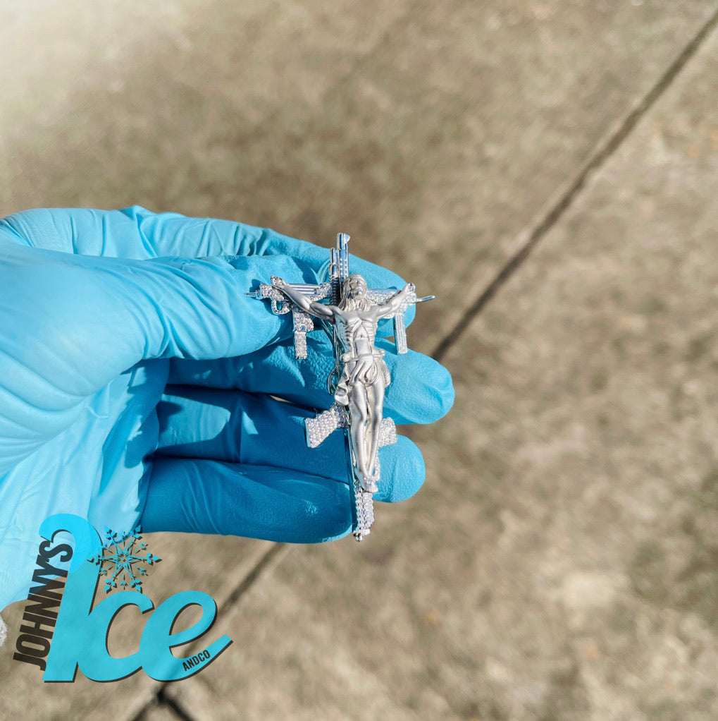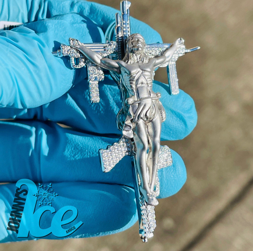 Specially Hand-crafted and one-of-kind-style pendant brought to you by our jewelers @ JIAC featuring handset stones on the lower level of the pendant all soldered on top of a matte Jesus finish.
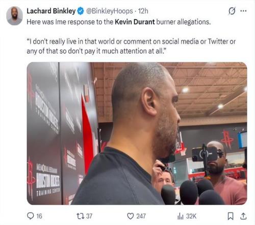 杜蘭特在訓練后接受采訪談到近期的疑似小號風波,他說道:我根本不想卷入推特上那些無稽之談,我的隊友們都知道怎么回事,我和火箭隊整個賽季都在全力以赴。
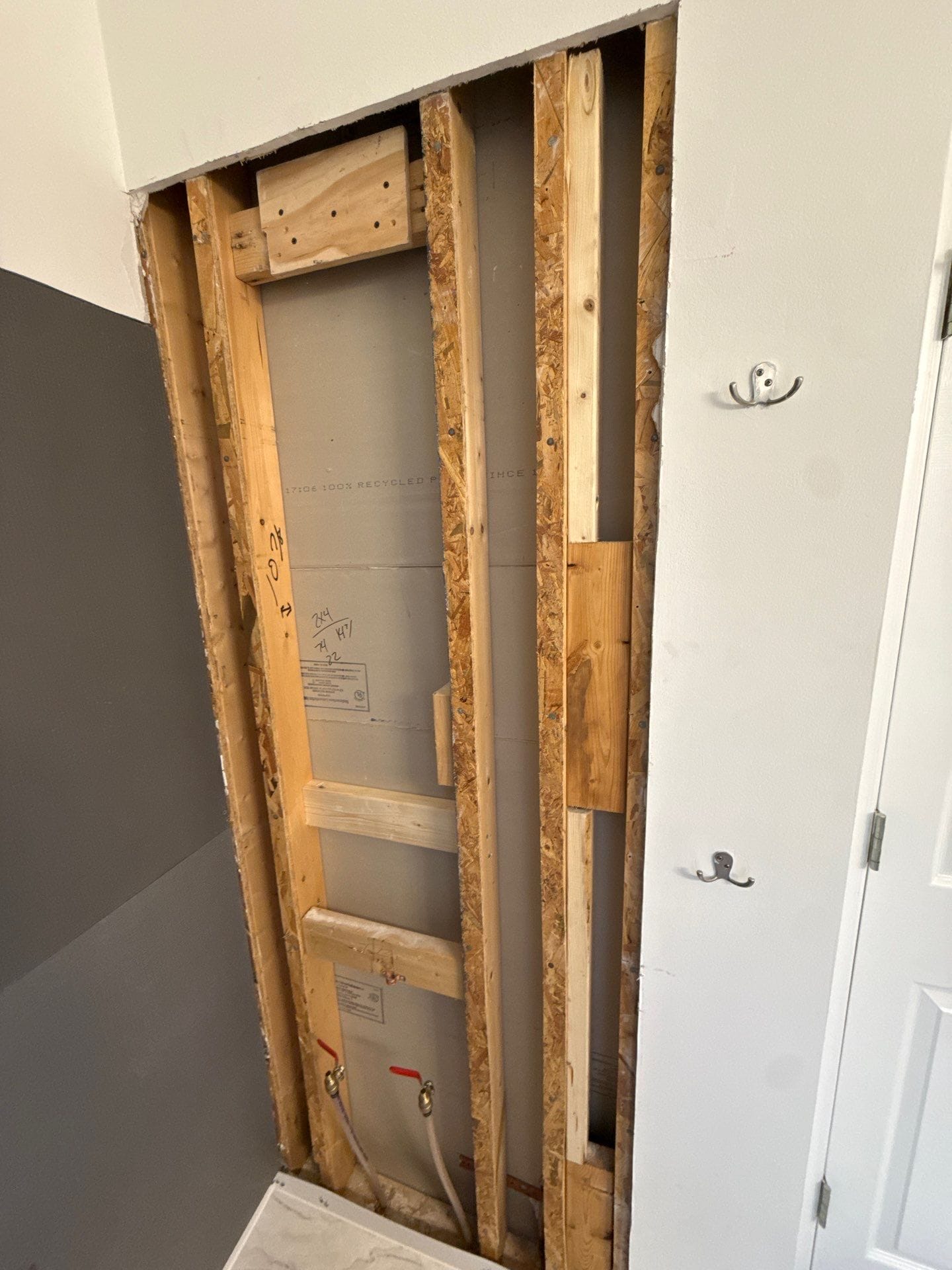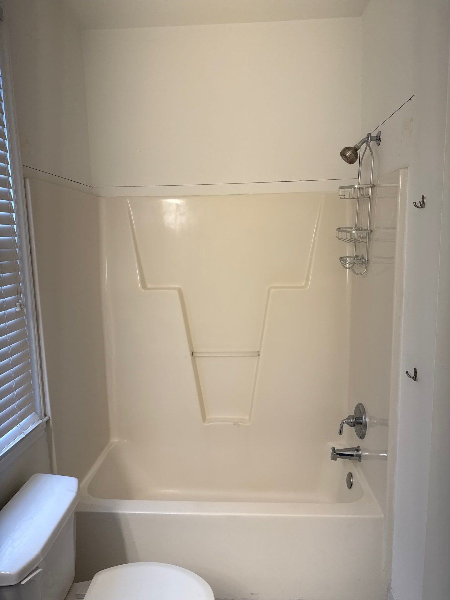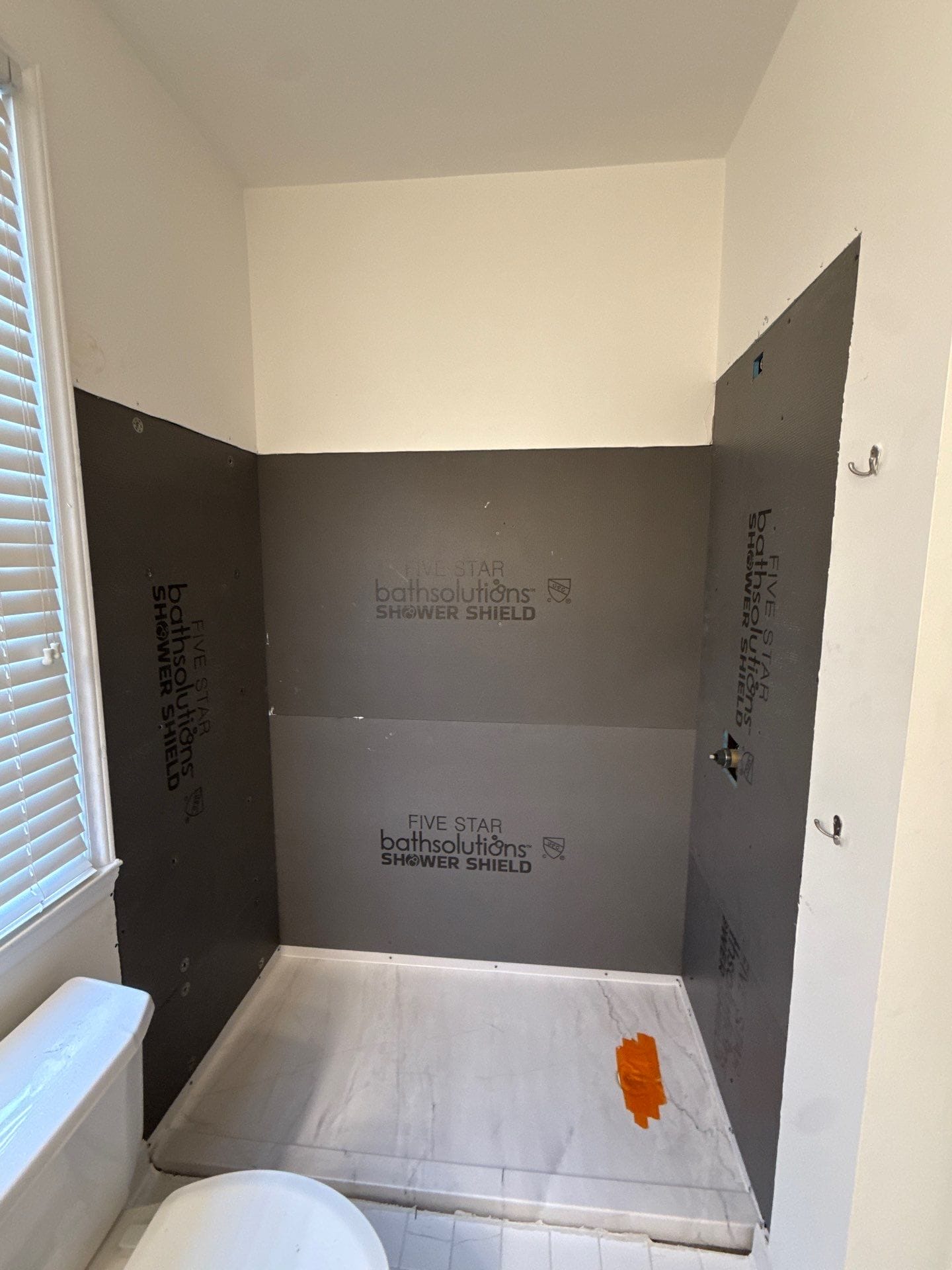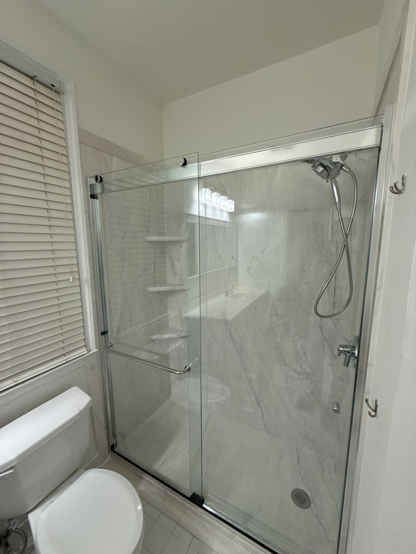Installation involved professional removal and haul-away of the previous system, with care taken to avoid mess or exterior debris. A project manager was assigned to return for follow-up measurements before materials were finalized. The new shower was expanded to full footprint width with a low-threshold base and installed with two full-height corner shelves, a wall-mounted handheld shower fixture, and a fold-down seat. Clear Infinity-style bypass glass doors were used to maintain openness while enhancing safety and access. All plumbing, backer board, and sealants were installed to code.
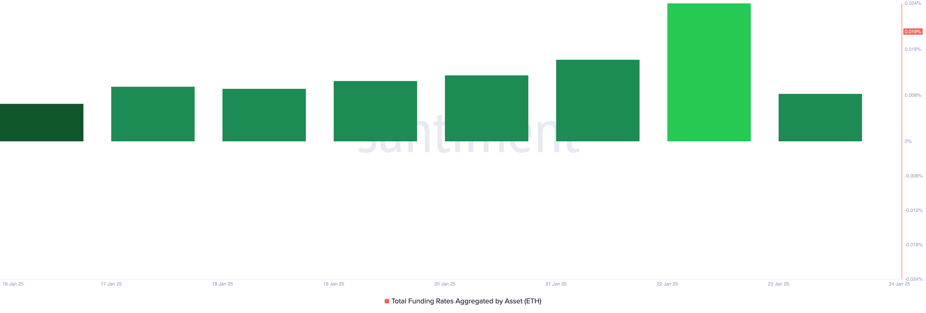 Dagdag pa, ang funding rate ng ETH ay nananatiling positibo kahit na nasa range-bound ang price movements nito sa mga nakaraang linggo. Sa oras ng pag-publish, ito ay nasa 0.019%, na nagpapakita ng steady demand para sa long positions sa mga futures trader ng ETH.
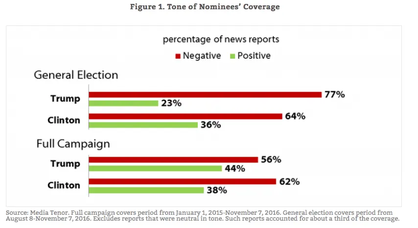 As this Harvard study shows, Trump received MORE negative tone stories and LESS positive tone
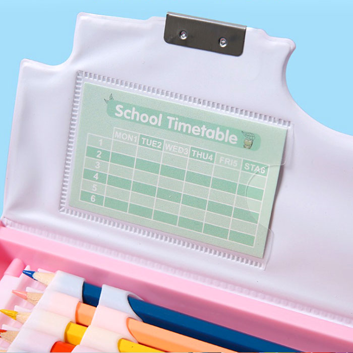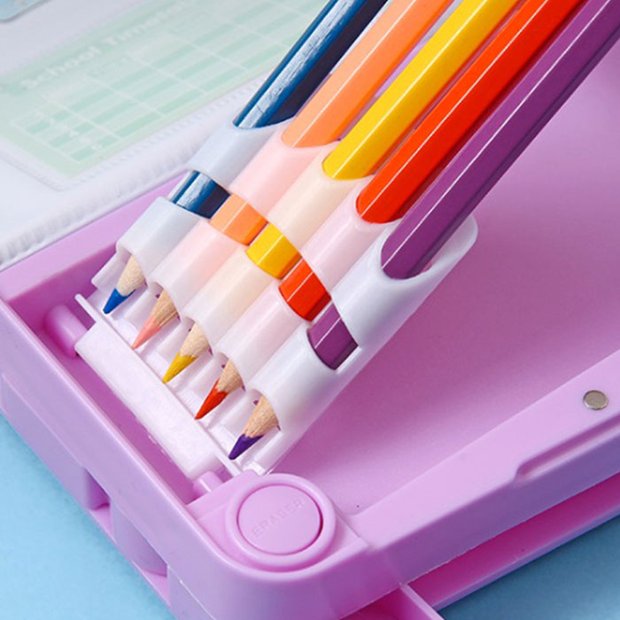 ・鉛筆ホルダー、消しゴムスペース、裏面収納など、所定の場所があるからお片付けも楽々♪
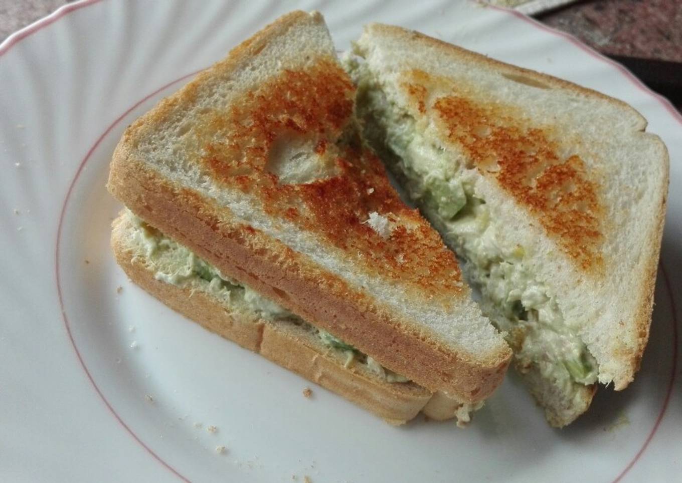 - Echar la mezcla en el pan bimbo y tapar con otra rebanada.
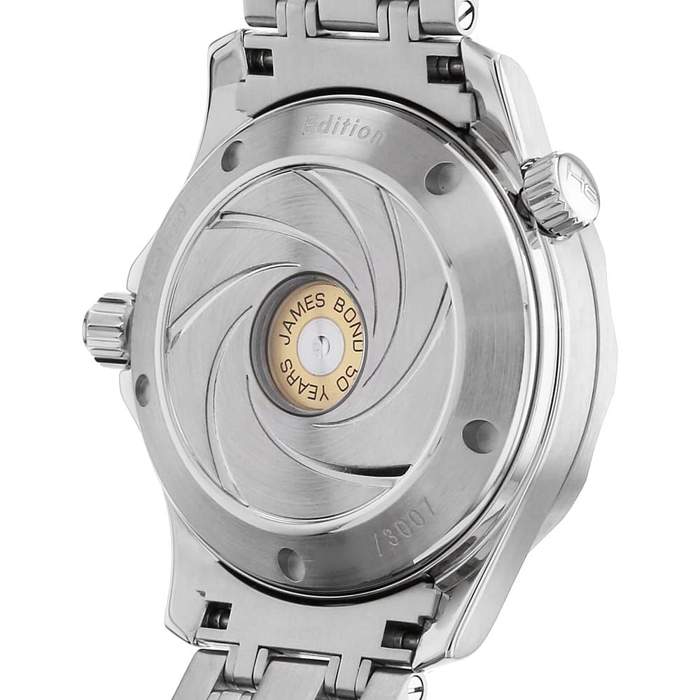 ■モデル情報:文字盤に007のロゴをあしらった、007ジェームズボンド世界限定3007本モデルです。銃口を模した特徴的な裏蓋からJAMES BOND 50 YEARの文字があるローターが確認できます。10時位置にはヘリウムエスケープバルブを搭載。コーアクシャル機能付のクロノメータームーブメントなどハイスペックのプロフェッショナル仕様です。300m防水。
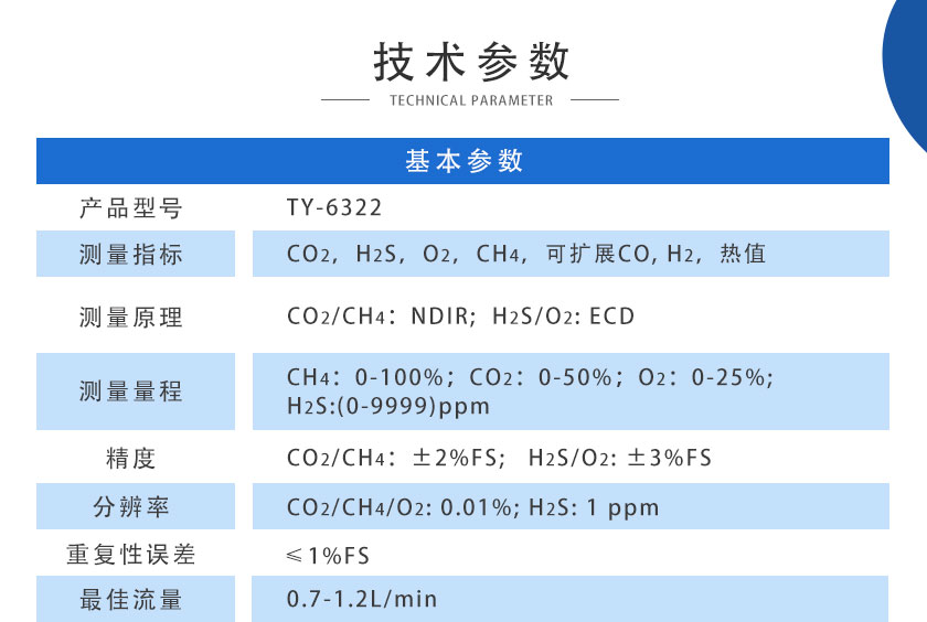 CO、CO2、CH4、:NDIR非分光紅外 H2:TCD熱導, O2、H2S:ECD電化學 |
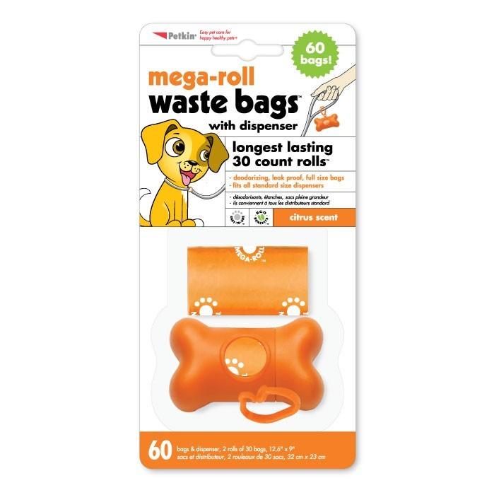 Mega-Rolls by Petkin fit standard dispensers, with twice the bags per roll Citrus scented, leak proof, standard size bags.
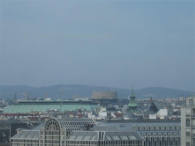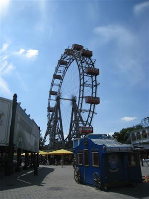 Og vi var selvfølgelig også i "Prater" som er en østrigsk form for Dyrehavs-bakke. Her prøvede vi som det eneste, det rigtigt gamle Pariser-hjul, hvor man sidder/står i en form for kupeer/små jernbanevogne. Man havde en fed udsigt derfra og det kørte rigtigt langsomt rundt.
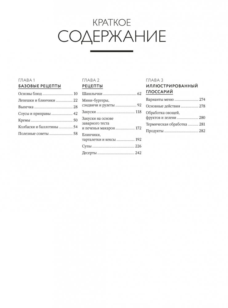 В глоссарии содержатся варианты меню для фуршета — от аперитива до обеденного и вечернего, иллюстрируются основные приемы и этапы приготовления, особенности очистки, нарезки, шинковки продуктов, термической обработки и сопутствующих процессов. Рецепты, советы и идеи, изложенные в этой книге, помогут вам сделать праздничный прием гостей ярким и незабываемым!
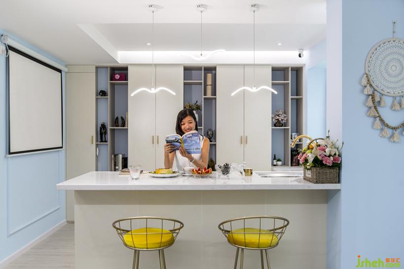 将收纳集中到柜体区,空出来桌面下方位置。保持通透清爽的视觉感受,方便打理卫生。
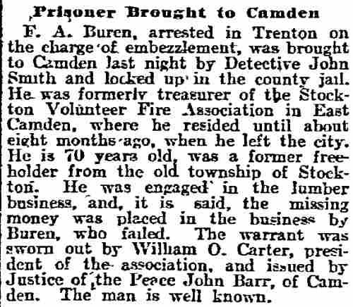 FerrisJr. - Charles Devaull John Hood - George D. Borton - James F. Davis - Joseph Devinney - George Holl - Joseph Nowrey William E. Anthony - David T. Campbell - John Pugh - John K. Esler - Harry Stetser Cornelius Schepperkotter - Dr. Francis J. Bicker - Jonas S. Miller - Allyn Brewer - Joseph Peacock - David A. Shreeve - Charles D. Heath - Frederick Krueger - F.S. Neipling Aaron Bryant - Jacob C. Lippincott - Thomas Wentz Jr. - William J. Thompson - John S. Smith George Williams - Charles C. Old - Jacob C. Daubman - Major William H. Tice Clarence T. Atkinson - James Burke - Thomas Bodell - Francis Ford Patterson Jr. |
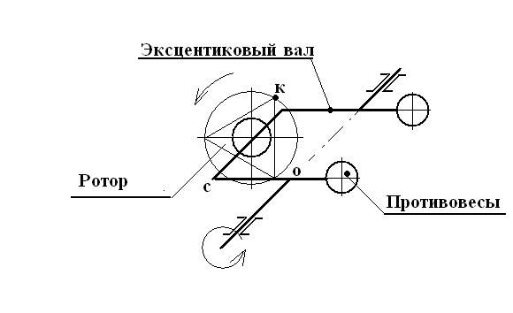 Ротор, куда бы не поворачивался на оси "с", и где бы не находилась точка "к", в рамках очерченной окружности,  полностью уравновешен относительно данной оси,  в силу своей симметричности. А ось "с" относительно оси "о" уравновешивается двумя противовесами.
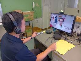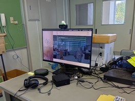 そのため、市民課が所在する保健福祉総合センター(はぴすしらおか)内の1階窓口と旧大山小学校内の教育指導課に遠隔窓口システム(ビデオ通話)を設置し、旧大山小学校へ手続に行くことなく、遠隔により手続ができるようになりました。

+===+

[Task description] Copy all the records word for word and keep the pictures out.

[Written answer]
 Specially Hand-crafted and one-of-kind-style pendant brought to you by our jewelers @ JIAC featuring handset stones on the lower level of the pendant all soldered on top of a matte Jesus finish.
 杜蘭特在訓練后接受采訪談到近期的疑似小號風波,他說道:我根本不想卷入推特上那些無稽之談,我的隊友們都知道怎么回事,我和火箭隊整個賽季都在全力以赴。
Installation involved professional removal and haul-away of the previous system, with care taken to avoid mess or exterior debris. A project manager was assigned to return for follow-up measurements before materials were finalized. The new shower was expanded to full footprint width with a low-threshold base and installed with two full-height corner shelves, a wall-mounted handheld shower fixture, and a fold-down seat. Clear Infinity-style bypass glass doors were used to maintain openness while enhancing safety and access. All plumbing, backer board, and sealants were installed to code.
 Dagdag pa, ang funding rate ng ETH ay nananatiling positibo kahit na nasa range-bound ang price movements nito sa mga nakaraang linggo. Sa oras ng pag-publish, ito ay nasa 0.019%, na nagpapakita ng steady demand para sa long positions sa mga futures trader ng ETH.
 As this Harvard study shows, Trump received MORE negative tone stories and LESS positive tone
 ・鉛筆ホルダー、消しゴムスペース、裏面収納など、所定の場所があるからお片付けも楽々♪
 - Echar la mezcla en el pan bimbo y tapar con otra rebanada.
 ■モデル情報:文字盤に007のロゴをあしらった、007ジェームズボンド世界限定3007本モデルです。銃口を模した特徴的な裏蓋からJAMES BOND 50 YEARの文字があるローターが確認できます。10時位置にはヘリウムエスケープバルブを搭載。コーアクシャル機能付のクロノメータームーブメントなどハイスペックのプロフェッショナル仕様です。300m防水。
 CO、CO2、CH4、:NDIR非分光紅外 H2:TCD熱導, O2、H2S:ECD電化學 |
 Mega-Rolls by Petkin fit standard dispensers, with twice the bags per roll Citrus scented, leak proof, standard size bags.
 Og vi var selvfølgelig også i "Prater" som er en østrigsk form for Dyrehavs-bakke. Her prøvede vi som det eneste, det rigtigt gamle Pariser-hjul, hvor man sidder/står i en form for kupeer/små jernbanevogne. Man havde en fed udsigt derfra og det kørte rigtigt langsomt rundt.
 В глоссарии содержатся варианты меню для фуршета — от аперитива до обеденного и вечернего, иллюстрируются основные приемы и этапы приготовления, особенности очистки, нарезки, шинковки продуктов, термической обработки и сопутствующих процессов. Рецепты, советы и идеи, изложенные в этой книге, помогут вам сделать праздничный прием гостей ярким и незабываемым!
 将收纳集中到柜体区,空出来桌面下方位置。保持通透清爽的视觉感受,方便打理卫生。
 FerrisJr. - Charles Devaull John Hood - George D. Borton - James F. Davis - Joseph Devinney - George Holl - Joseph Nowrey William E. Anthony - David T. Campbell - John Pugh - John K. Esler - Harry Stetser Cornelius Schepperkotter - Dr. Francis J. Bicker - Jonas S. Miller - Allyn Brewer - Joseph Peacock - David A. Shreeve - Charles D. Heath - Frederick Krueger - F.S. Neipling Aaron Bryant - Jacob C. Lippincott - Thomas Wentz Jr. - William J. Thompson - John S. Smith George Williams - Charles C. Old - Jacob C. Daubman - Major William H. Tice Clarence T. Atkinson - James Burke - Thomas Bodell - Francis Ford Patterson Jr. |
 Ротор, куда бы не поворачивался на оси "с", и где бы не находилась точка "к", в рамках очерченной окружности,  полностью уравновешен относительно данной оси,  в силу своей симметричности. А ось "с" относительно оси "о" уравновешивается двумя противовесами.
 そのため、市民課が所在する保健福祉総合センター(はぴすしらおか)内の1階窓口と旧大山小学校内の教育指導課に遠隔窓口システム(ビデオ通話)を設置し、旧大山小学校へ手続に行くことなく、遠隔により手続ができるようになりました。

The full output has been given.